JAKARTA, vozpublica.id - Konflik atau sengketa perairan Laut China Selatan (LCS) tak bisa dipisahkan dengan Asia Tenggara, termasuk Indonesia. Ini karena China masih mengklaim wilayah perairan yang strategis itu, termasuk di zona ekonomi eksklusif (ZEE) Indonesia.
China mengklaim sebagian besar perairan LCS melalui 9 garis putus-putus, sebelumnya disebut 11 garis putus-putus, atau letter U, yang beririsan dengan wilayah negara-negara Asia Tenggara, yakni Vietnam, Filipina, Malaysia, Brunei Darussalam, serta Indonesia.
China sudah mengklaim kedaulatan atas LCS sejak masa lalu. Namun penggunaan garis untuk merepresentasikan batas wilayahnya pertama kali muncul pada 1930-an sebagai respons atas pencaplokan Kepulauan Spratly oleh Indochina Prancis secara sepihak.
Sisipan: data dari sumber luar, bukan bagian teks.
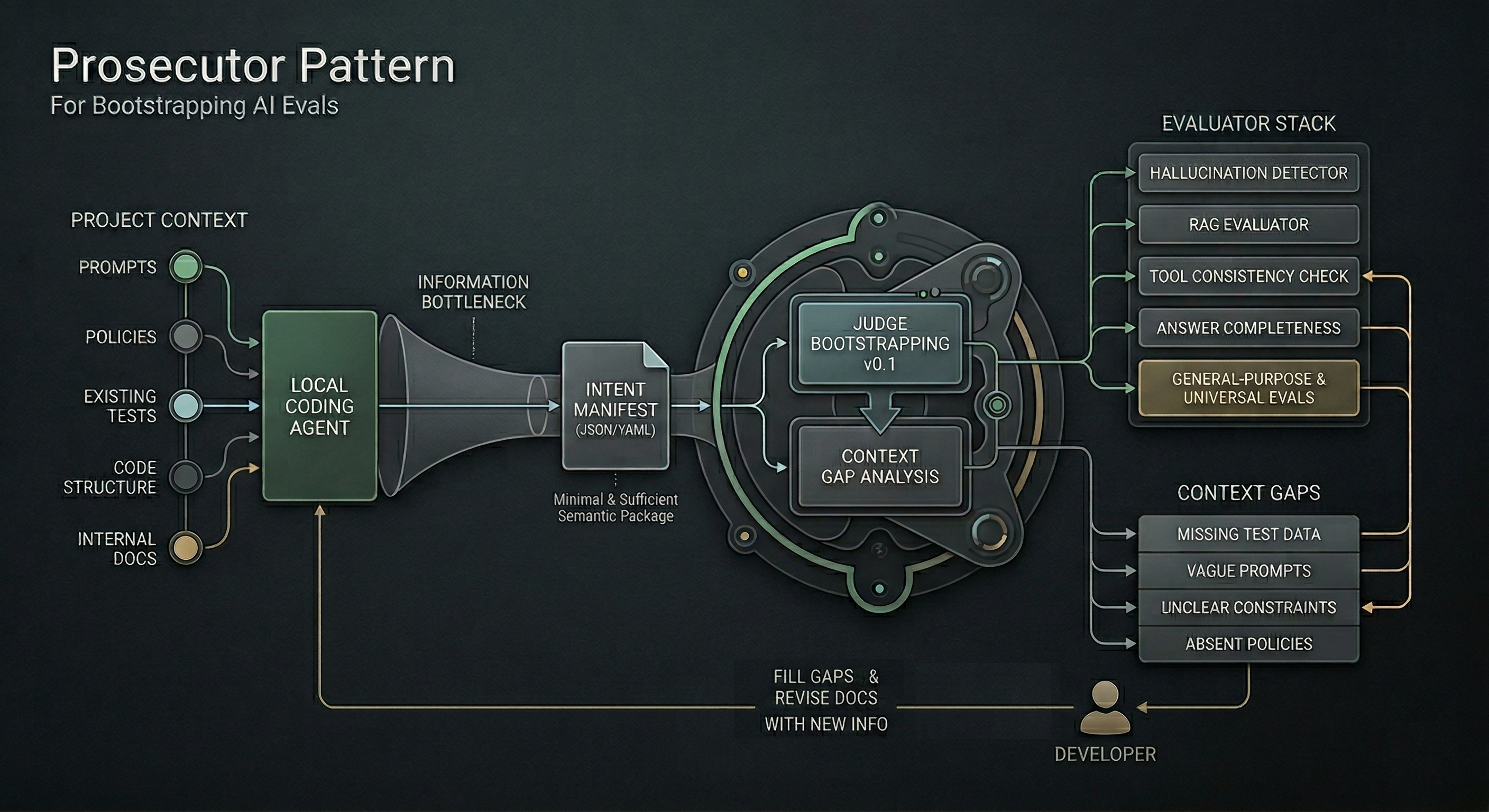 Instead of asking a human to manually define the entire evaluation stack up front, the coding agent tries to recover the intent context, build the strongest judge it can from that intent, and then explicitly report what is still missing.

Klaim tersebut semakin menjadi-jadi pada 1947 saat pemerintah Republik China menerbitkan peta resmi klaim LCS yang menampilkan 11 garis putus-putus berformasi U. Namun jumlah garis dikurangi menjadi 9 pada 1952 setelah terjadi negosiasi dengan Vietnam terkait kepemilikan Teluk Tonkin.
Sejak itu, China terus mempertahankan 9 garis putus-putus sebagai perimeter visual, meski ditentang oleh lima negara Asia Tenggara serta badan-badan internasional. Pengadilan Arbitrase, dalam putusannya terkait tuntutan Filipina pada 2016, juga menolak klaim China.